▸ **RECORDS SUPPLIED**
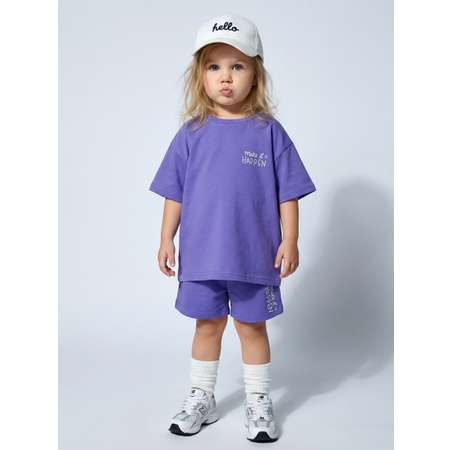 Комплект для девочки футболка и шорты с надписью. Комплект изготовлен из ткани кулирная гладь, 100% хлопок. Шорты на шнуровке. Модель свободного кроя, поэтому ребенку в таком комплекте будет комфортно в теплую погоду, а натуральные материалы позволят коже дышать.
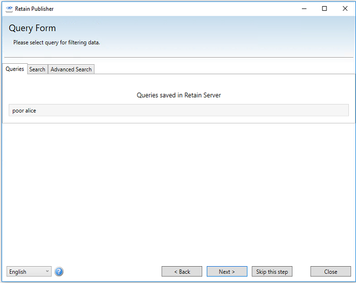 Select or create a query to filter the scope of the export job. There are three tabs but you only need to use the one you need to build the query. You can use a query saved in the Retain Web console, a simple search or an advanced search.
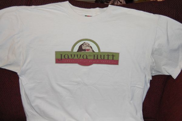 This is the newer logo. At one time they made shirts with a different logo — a painting of Jabba holding a cup of coffee and sitting on a pile of coffee beans. You can see it on the sign in the Flickr photo above. I’d like to get one of those someday as well, and maybe a coffee cup while I’m at it…
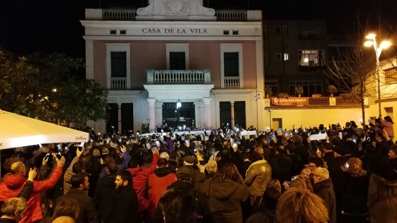 En saber-se la notícia Òmnium Cultural i ANC han convocat concentracions a tots els ajuntaments de Catalunya. A Rubí centenars de persones han omplert -pràcticament- la plaça per demanar la llibertat dels 'presos polítics'
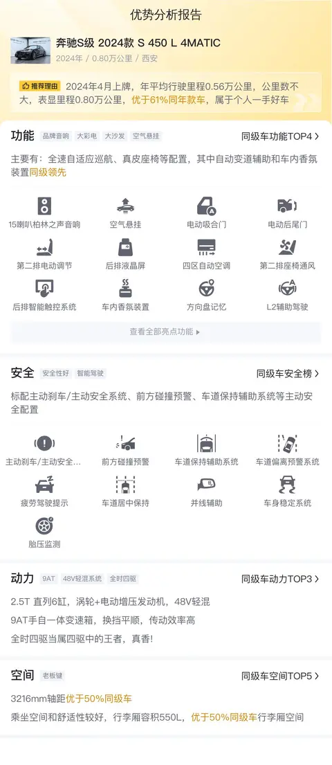 综上所述,这款二手奔驰S级 2024款 S 450 L 4MATIC可以说是一款集豪华、舒适、动力于一身的豪华轿车。无论是从外观还是内饰、配置还是动力性能等方面来看,它都表现出了非常出色的水平。如果你正在寻找一款豪华轿车作为自己的座驾,那么这款车绝对是一个不错的选择。但是需要注意的是,作为一款二手车,它的车况非常重要。在购买之前一定要进行仔细的检查和评估,以免出现不必要的麻烦。同时也要考虑到这款车的维护和保养成本相对较高,在购买之前要做好充分的心理准备。总之如果你有足够的预算并且对豪华轿车有着极高的追求那么这款车绝对值得你去拥有!
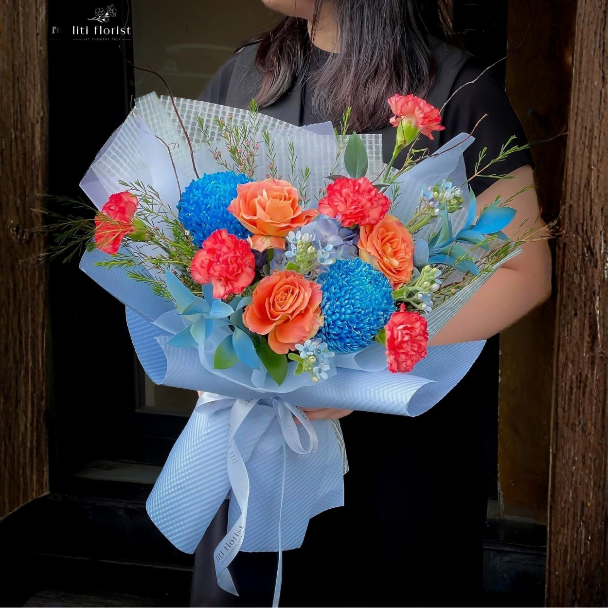 Bó hoa “Solid Rock” được thiết kế đặc biệt để mang lại sự ấn tượng và không thể nhầm lẫn với bất kỳ món quà nào khác. Hoa hồng quốc vương với sắc đỏ nồng nàn tượng trưng cho tình yêu mãnh liệt và vĩnh cửu. Cúc mẫu đơn, cẩm chướng và sao xanh góp phần tạo nên một không gian hoa ngập tràn sức sống, nhẹ nhàng nhưng không kém phần cuốn hút. Sự kết hợp giữa thanh liễu mềm mại và lá phụ trợ giúp làm nổi bật sự tươi mới và thanh thoát của các loài hoa chính.
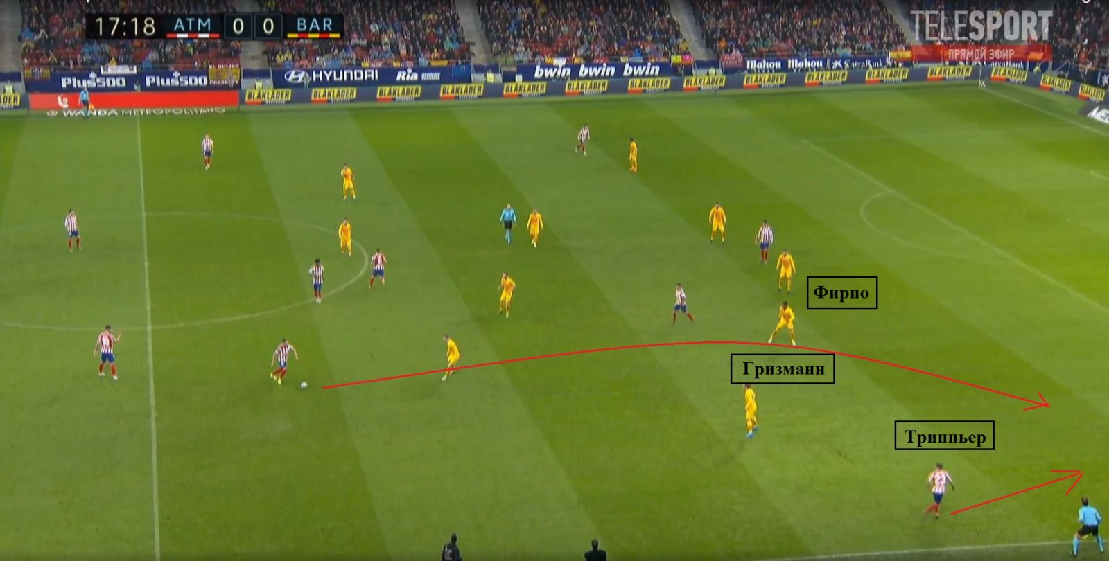 Окрім двох епізодів із втратою м'яча в опорній зоні, «Атлетико» зміг змусити помилятися Фірпо, який був слабкою ланкою в усій системі «Барселони». Під тиском він часто робив неточні передачі, втрачав м'яч або зовсім здійснював фоли поблизу власного штрафного.
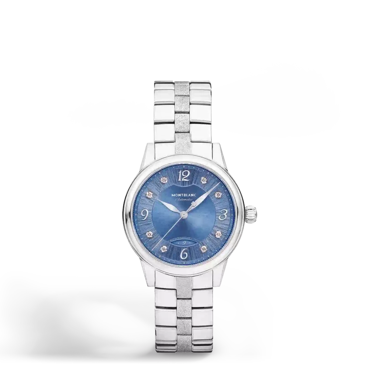 Interpretando i codici dell’alta orologeria in modo elegante e femminile, il Montblanc Bohème Automatic Date si ispira al mondo della scrittura a mano ed è disponibile in una cassa in acciaio inossidabile da 30 mm. Presenta un elegante quadrante blu spazzolato sole adornato con indici di diamanti, numeri arabi floreali rivestiti in rodio e lancette. Altri dettagli raffinati includono un motivo filet sauté e una tecnica di stampaggio chiamata filé d’étoiles. Dotato del calibro automatico MB 24.29, questo modello indica le ore, i minuti e i secondi, oltre alla data visualizzata in un’apertura a forma di mandorla con numeri scritti a mano. Il romantico carattere tipografico è stato applicato anche al quadrante per la dicitura “Automatic”. Questo segnatempo è dotato di un bracciale intercambiabile in acciaio inossidabile con maglia centrale testurizzata e sistema di regolazione fine. Numero di identificazione MB134341
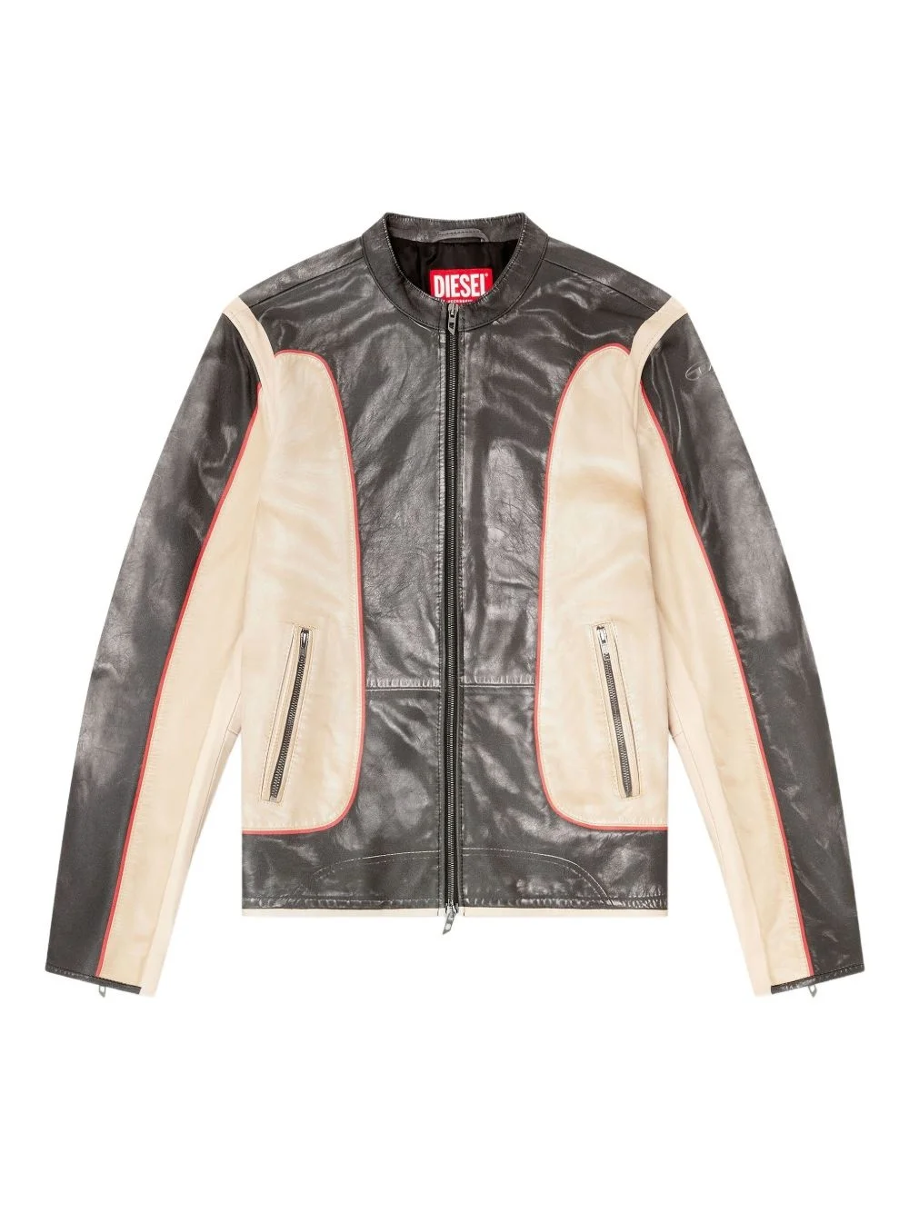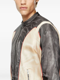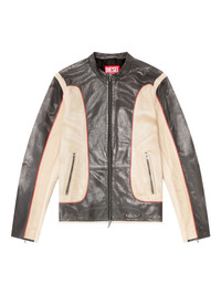 L-Evert leather biker jacket Highlights - Black and beige - Leather - Colour-blocked panels - Zip fastening - Red stitching - Welt pockets - Debossed logo Made in Italy Composition Ovine Leather (top grain) 100% Washing instructions Specialist Cleaning

▸ **PROBLEM DESCRIPTION**
Within the entries above, give again exactly the lines starting at the one that contains "Окрім двох епізодів" and ending at the one that contains "Interpretando i codici", leaving out the pictures.

▸ **SOLUTION TO THIS EXERCISE**
 Окрім двох епізодів із втратою м'яча в опорній зоні, «Атлетико» зміг змусити помилятися Фірпо, який був слабкою ланкою в усій системі «Барселони». Під тиском він часто робив неточні передачі, втрачав м'яч або зовсім здійснював фоли поблизу власного штрафного.
 Interpretando i codici dell’alta orologeria in modo elegante e femminile, il Montblanc Bohème Automatic Date si ispira al mondo della scrittura a mano ed è disponibile in una cassa in acciaio inossidabile da 30 mm. Presenta un elegante quadrante blu spazzolato sole adornato con indici di diamanti, numeri arabi floreali rivestiti in rodio e lancette. Altri dettagli raffinati includono un motivo filet sauté e una tecnica di stampaggio chiamata filé d’étoiles. Dotato del calibro automatico MB 24.29, questo modello indica le ore, i minuti e i secondi, oltre alla data visualizzata in un’apertura a forma di mandorla con numeri scritti a mano. Il romantico carattere tipografico è stato applicato anche al quadrante per la dicitura “Automatic”. Questo segnatempo è dotato di un bracciale intercambiabile in acciaio inossidabile con maglia centrale testurizzata e sistema di regolazione fine. Numero di identificazione MB134341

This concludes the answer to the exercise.